Наполовину утонувший в сером месиве город был заброшен. По его улицам гулял лишь ветер, разгоняя непроглядные облака и скрипя выцветшими вывесками. Все, кто мог уехать отсюда, давно уже сделал это, а кто не смог, — остался погребённым. Это место не представляло ни малейшего интереса даже для стервятников и мародёров.
Необходимость в маяке давно отпала. Он не выполнял (да и не мог выполнять) той цели, ради которой когда-то был создан. Теперь он стал предметом культурного наследия. Подобный статус закрепили за ним в соответствующих нормативных документах. И в соответствии с этим статусом маяк был взят властями под охрану.
В нём проживали смотрители, в обязанности которых входило поддержание порядка и защита маяка от посягательств вандалов. Возможности смотрителей были весьма ограничены, но уже сам факт того, что в маяке кто-то обитал, заметно мешал упадку, идущему рука об руку с запустением. Да, маяк обветшал и требовал капитального ремонта, но по сравнению с окружающим миром — это был настоящий островок жизни.
Многие называли смотрителей безумными. Согласиться на добровольное заточение, лишиться всех благ цивилизации и радости общения было под силу немногим. Скудный оклад не мог служить в этом деле определяющим мотивом. Тем более что это была та ещё «зарплата Шрёдингера»: она вроде бы и есть, и в то же время её как будто и нет. Квантовые деньги. Но даже если кто-нибудь сильно в них нуждался, да ещё и проникся глубоким чувством ответственности, этого тоже было недостаточно.

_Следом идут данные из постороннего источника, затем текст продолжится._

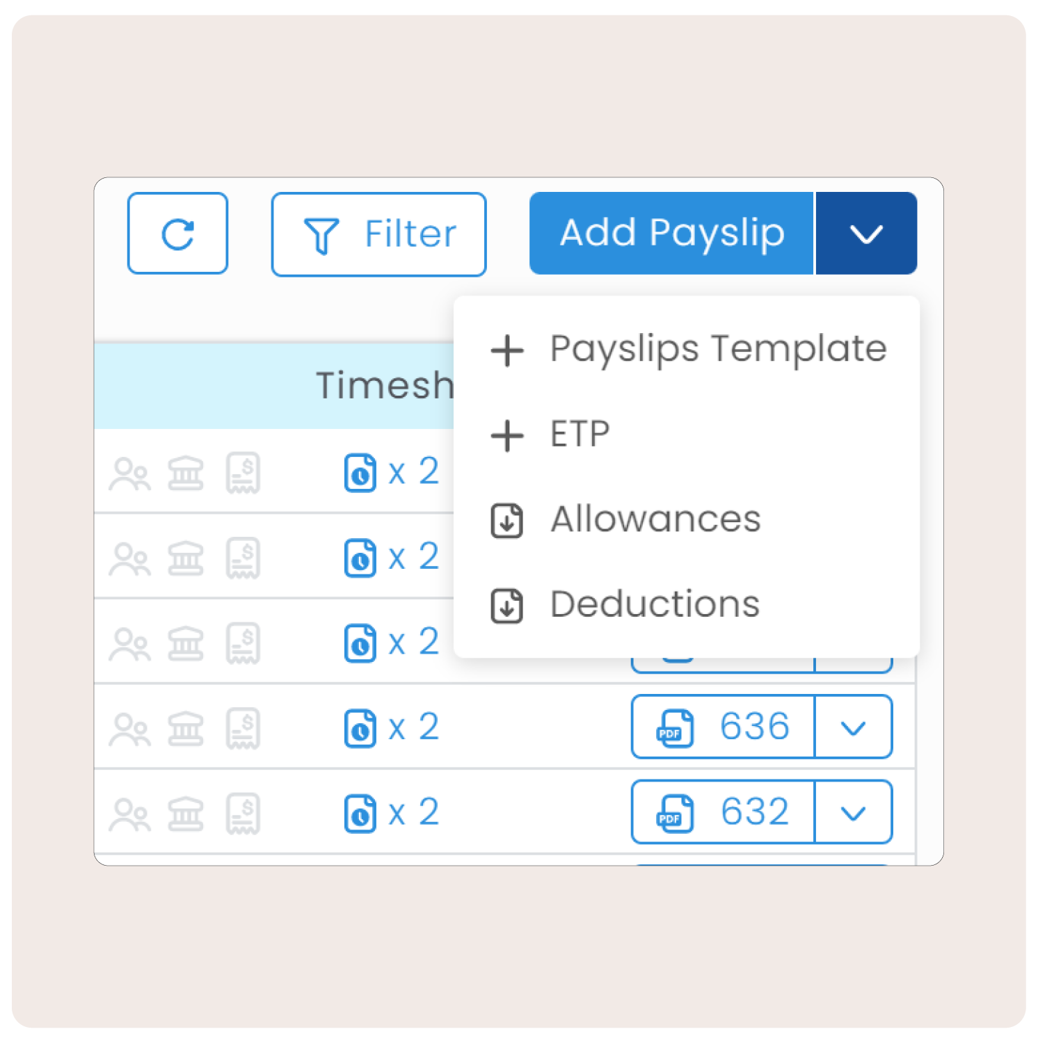 'Create new payslip' has been renamed to 'Add Payslip' with options: Payslip Template, ETP, Allowances and Deductions.

Для того чтобы постоянно находиться в этом жутком, оторванном от мира месте, мало было обладать особым складом характера. Нужно было иметь профессиональную подготовку.
Жизнь на маяке подразумевала постоянную работу, в особенности — постоянный ремонт и поддержание многочисленных механизмов в исправности. Когда маяк накрывали бури высотой в полтора километра, на фоне которых он казался крошечной спичкой, — любая трещинка могла привести к катастрофе.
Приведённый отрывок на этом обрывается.